The ISG team has also been using dynamic linear modeling for situations in which the time variation of asset price to factor relationship is material, but gradual. Such machine learning techniques as the Kalman Filter have also been utilized by the ISG team since 2014 in application to fixed income sector rotation problems and in their hedge fund replication strategies. Finally, in 2022, the ISG team investigated if a decision-tree-based approach is superior to a simple linear model when using macro data changes as factors for tactical equity positioning; early results look promising.

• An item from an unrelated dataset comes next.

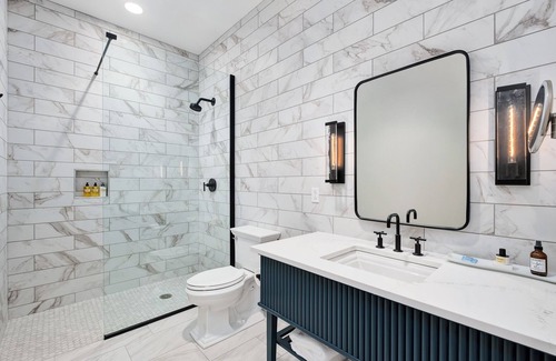 The spacious full private bathroom provides a refreshing zero-entry shower and is fully equipped with a Dyson hairdryer, luxury toiletries by D.S. and Durga, and luxurious Red Land Cotton towels, crafted in Alabama.

The Systematic Equity team has developed an XGBoost-based method to forecast company fundamentals such as earnings and cash flows, crucial inputs for equity investors in determining the expected return of a company stock. The machine learning method, which allows the modeling of complex relationships among the trailing firm fundamentals, fast-moving market variables, analyst estimates, and macro indicators, proved its clear advantage in terms of accuracy over the plain sell-side analyst estimates across multiple regions. While the method has not been implemented in live portfolios, as overlapping information was already present in other parts of the model, machine-learned company fundamentals can serve as useful inputs in other contexts, providing in-house estimates with better coverage and fewer biases than conventional analyst estimates.

Reducing Estimation Noise

The relatively long time horizon of tactical investing, combined with the relatively small number of available degrees of freedom, makes reducing estimation noise a key focus of our efforts. The ISG and FICC teams made early attempts in employing such machine learning techniques as regularized regressions (such as LASSO, probit, or others) more than a decade ago. More recently, those teams introduced additional techniques, some of which they developed internally. In 2019, the ISG team incorporated random correlation matrix cleaning into our portfolio construction process. In 2020, they suggested an adaptive enhancement to a classical risk parity strategy6 that can be viewed as a machine learning approach. In 2021, they conceptualized on how to incorporate fuzzy mathematics — a well-known AI technique — into portfolio optimization as an antidote to the estimation noise7. Currently (March 2023), the ISG team is working on a risk model that uses PAM clustering as a way to intelligently reduce the complexity of the emerging market bond universe.

Conclusion

Much ink has been spilled about AI and its applications across multiple categories. For financial systems, AI can be useful in offering insights from sources that are infrequently tapped, modeling asset prices and factors with nonlinear relationships, or reducing estimation noise, among other uses. What’s important, however, is understanding the contexts in which machine learning outcomes are the most helpful and reliable. In our view, machine learning is best when combined with the knowledge of strong investment teams that can control the structures, contexts, and training and determine the questions that AI will address. When used thoughtfully, AI can be a powerful investment tool to unlock complex, previously untapped information from a wide range of variables.